* Work item
From the records below, please repeat exactly the line that has "食べる前に店員さんがチーズをスライス", the line that has "Nordic Ins Oval", and every line between them, and nothing else.

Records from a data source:

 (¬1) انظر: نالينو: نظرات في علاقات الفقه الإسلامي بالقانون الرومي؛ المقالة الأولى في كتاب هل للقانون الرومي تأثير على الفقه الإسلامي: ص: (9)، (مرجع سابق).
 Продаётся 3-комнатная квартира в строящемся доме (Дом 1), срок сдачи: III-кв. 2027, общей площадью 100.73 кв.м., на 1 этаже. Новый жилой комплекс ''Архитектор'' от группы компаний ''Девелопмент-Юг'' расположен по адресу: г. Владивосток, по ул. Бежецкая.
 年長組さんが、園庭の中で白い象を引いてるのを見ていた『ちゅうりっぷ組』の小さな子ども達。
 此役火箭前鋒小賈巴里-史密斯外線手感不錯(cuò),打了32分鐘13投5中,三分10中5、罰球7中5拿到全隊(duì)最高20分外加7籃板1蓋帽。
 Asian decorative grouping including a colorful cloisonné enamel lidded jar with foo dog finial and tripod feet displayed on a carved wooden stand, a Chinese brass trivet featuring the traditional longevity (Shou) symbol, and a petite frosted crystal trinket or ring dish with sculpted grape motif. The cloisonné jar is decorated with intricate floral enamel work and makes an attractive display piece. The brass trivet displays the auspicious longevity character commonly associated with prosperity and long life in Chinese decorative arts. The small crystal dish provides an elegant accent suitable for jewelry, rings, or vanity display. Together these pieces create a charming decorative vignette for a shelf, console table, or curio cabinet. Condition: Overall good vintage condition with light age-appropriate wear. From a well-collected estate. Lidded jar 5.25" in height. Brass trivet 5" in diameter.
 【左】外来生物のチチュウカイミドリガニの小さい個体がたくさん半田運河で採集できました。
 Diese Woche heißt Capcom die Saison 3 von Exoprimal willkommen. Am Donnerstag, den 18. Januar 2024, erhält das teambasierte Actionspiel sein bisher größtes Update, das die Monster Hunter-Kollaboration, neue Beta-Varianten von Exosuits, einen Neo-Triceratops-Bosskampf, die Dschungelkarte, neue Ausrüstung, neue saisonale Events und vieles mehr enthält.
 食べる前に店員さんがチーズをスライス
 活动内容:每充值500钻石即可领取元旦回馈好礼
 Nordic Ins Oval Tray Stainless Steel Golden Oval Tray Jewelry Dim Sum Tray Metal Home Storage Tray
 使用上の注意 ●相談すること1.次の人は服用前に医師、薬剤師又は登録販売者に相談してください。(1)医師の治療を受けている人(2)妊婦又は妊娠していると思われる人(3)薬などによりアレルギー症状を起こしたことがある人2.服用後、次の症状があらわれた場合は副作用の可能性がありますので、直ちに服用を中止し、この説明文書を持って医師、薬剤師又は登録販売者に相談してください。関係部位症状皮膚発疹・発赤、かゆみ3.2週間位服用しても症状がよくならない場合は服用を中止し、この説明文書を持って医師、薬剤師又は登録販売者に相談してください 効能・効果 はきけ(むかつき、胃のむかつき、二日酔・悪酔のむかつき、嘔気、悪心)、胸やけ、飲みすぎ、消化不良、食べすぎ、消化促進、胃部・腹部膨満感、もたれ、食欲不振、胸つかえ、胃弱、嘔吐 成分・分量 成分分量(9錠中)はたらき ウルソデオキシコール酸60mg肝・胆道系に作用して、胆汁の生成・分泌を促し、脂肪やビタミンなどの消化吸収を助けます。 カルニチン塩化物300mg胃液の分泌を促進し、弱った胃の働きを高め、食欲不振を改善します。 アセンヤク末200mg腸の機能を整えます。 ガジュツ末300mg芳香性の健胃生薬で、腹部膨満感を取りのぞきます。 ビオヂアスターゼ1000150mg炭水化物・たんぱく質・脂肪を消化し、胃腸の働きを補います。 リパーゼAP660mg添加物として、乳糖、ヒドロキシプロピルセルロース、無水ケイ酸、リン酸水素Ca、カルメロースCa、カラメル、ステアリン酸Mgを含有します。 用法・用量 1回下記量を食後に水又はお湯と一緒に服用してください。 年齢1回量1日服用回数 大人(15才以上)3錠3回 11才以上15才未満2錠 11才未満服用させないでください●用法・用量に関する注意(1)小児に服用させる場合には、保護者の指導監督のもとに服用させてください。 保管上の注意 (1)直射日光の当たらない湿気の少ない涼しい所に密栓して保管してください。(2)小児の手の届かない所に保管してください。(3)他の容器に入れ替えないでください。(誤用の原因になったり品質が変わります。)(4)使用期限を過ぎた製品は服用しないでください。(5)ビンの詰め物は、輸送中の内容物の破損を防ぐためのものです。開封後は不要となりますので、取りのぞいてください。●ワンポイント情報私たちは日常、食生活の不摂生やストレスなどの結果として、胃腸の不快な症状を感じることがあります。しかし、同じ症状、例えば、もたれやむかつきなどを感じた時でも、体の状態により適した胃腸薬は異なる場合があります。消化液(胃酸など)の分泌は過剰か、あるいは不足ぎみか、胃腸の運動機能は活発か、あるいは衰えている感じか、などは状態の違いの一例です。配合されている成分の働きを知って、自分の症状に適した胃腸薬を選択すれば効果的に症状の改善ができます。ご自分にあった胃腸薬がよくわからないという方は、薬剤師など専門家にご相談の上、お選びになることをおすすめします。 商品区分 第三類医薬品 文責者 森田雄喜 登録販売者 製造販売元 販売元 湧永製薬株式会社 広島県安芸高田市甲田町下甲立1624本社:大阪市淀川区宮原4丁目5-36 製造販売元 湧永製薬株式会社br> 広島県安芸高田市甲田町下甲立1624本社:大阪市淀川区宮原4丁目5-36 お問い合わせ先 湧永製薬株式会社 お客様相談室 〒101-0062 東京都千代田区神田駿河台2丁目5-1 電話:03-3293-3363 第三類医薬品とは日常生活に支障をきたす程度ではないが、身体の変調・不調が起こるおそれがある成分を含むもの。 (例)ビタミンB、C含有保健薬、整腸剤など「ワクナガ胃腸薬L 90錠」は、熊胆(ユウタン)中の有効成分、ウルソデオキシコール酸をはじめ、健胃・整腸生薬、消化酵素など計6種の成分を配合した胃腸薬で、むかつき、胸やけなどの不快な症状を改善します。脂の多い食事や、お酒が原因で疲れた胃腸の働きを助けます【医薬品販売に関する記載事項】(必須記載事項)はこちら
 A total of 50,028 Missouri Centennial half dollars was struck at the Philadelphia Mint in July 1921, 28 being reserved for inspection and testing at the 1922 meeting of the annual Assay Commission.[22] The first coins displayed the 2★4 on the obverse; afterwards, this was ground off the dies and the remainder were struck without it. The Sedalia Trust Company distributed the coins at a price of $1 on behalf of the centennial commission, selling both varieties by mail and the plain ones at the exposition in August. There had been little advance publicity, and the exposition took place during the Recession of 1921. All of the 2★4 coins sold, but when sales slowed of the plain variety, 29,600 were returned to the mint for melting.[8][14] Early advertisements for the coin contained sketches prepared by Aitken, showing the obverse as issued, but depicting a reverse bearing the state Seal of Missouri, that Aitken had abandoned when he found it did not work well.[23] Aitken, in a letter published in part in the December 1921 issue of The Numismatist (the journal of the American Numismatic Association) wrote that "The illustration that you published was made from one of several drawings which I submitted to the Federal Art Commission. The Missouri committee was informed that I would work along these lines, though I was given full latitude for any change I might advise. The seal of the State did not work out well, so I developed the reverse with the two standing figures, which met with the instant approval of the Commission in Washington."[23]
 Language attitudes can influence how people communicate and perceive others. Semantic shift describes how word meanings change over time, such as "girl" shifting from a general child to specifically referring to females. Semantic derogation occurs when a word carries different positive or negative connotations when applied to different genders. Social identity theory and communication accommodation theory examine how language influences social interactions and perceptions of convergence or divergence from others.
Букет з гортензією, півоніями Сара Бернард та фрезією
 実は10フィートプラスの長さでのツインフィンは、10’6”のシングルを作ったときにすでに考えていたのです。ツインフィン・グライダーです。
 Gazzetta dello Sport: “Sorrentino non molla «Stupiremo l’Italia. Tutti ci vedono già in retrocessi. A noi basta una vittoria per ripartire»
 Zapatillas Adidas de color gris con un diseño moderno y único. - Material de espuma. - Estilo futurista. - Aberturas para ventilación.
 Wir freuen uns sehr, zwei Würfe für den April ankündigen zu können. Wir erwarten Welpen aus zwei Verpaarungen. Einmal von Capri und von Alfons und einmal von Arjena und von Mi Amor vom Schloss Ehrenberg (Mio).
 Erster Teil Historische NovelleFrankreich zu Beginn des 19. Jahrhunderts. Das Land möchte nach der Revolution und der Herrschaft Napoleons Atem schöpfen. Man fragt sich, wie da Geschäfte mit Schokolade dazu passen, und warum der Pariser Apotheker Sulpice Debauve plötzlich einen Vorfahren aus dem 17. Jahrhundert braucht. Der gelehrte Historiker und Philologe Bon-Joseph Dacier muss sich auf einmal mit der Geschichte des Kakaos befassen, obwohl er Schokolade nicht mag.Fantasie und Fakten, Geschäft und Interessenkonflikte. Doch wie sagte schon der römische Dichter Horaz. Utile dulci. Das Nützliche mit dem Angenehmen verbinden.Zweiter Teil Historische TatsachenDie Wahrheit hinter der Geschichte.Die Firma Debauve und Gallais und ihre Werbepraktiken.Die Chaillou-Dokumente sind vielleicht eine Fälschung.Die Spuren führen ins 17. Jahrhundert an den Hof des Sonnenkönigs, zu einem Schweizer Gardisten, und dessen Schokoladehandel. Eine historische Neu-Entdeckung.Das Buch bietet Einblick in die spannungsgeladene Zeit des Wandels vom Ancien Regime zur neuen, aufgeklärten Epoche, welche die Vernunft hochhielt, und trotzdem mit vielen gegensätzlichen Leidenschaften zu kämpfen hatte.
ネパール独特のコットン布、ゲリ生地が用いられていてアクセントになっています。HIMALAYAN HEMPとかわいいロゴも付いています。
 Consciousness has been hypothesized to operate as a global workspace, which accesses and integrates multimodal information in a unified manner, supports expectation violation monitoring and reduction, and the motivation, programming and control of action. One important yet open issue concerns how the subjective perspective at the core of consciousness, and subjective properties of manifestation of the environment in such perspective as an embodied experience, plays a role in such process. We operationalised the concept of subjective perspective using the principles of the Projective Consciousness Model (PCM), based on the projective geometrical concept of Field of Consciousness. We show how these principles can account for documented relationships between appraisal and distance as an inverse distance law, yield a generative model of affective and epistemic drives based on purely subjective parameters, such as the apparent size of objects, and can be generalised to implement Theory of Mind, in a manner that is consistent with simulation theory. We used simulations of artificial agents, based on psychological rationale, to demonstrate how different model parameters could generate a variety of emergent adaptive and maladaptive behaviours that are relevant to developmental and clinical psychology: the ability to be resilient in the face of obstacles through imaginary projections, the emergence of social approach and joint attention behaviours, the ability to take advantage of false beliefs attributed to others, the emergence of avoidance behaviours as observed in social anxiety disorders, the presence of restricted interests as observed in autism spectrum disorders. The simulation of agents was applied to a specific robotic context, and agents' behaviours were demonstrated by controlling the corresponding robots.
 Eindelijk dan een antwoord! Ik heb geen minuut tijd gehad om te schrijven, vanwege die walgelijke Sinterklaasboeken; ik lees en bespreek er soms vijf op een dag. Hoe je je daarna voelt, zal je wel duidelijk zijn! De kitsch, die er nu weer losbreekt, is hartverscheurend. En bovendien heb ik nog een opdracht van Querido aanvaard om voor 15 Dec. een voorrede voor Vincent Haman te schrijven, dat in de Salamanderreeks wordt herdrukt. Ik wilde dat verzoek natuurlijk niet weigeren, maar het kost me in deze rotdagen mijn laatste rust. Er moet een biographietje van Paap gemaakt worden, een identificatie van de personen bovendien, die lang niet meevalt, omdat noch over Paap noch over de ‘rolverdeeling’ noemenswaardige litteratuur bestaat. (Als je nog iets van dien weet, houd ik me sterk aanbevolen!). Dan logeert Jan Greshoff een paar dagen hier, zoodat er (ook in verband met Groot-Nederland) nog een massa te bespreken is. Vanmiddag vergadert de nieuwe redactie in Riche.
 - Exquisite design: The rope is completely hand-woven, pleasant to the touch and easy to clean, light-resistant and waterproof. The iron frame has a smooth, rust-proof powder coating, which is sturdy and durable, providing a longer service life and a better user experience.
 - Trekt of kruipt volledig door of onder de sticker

* Written solution
 食べる前に店員さんがチーズをスライス
 活动内容:每充值500钻石即可领取元旦回馈好礼
 Nordic Ins Oval Tray Stainless Steel Golden Oval Tray Jewelry Dim Sum Tray Metal Home Storage Tray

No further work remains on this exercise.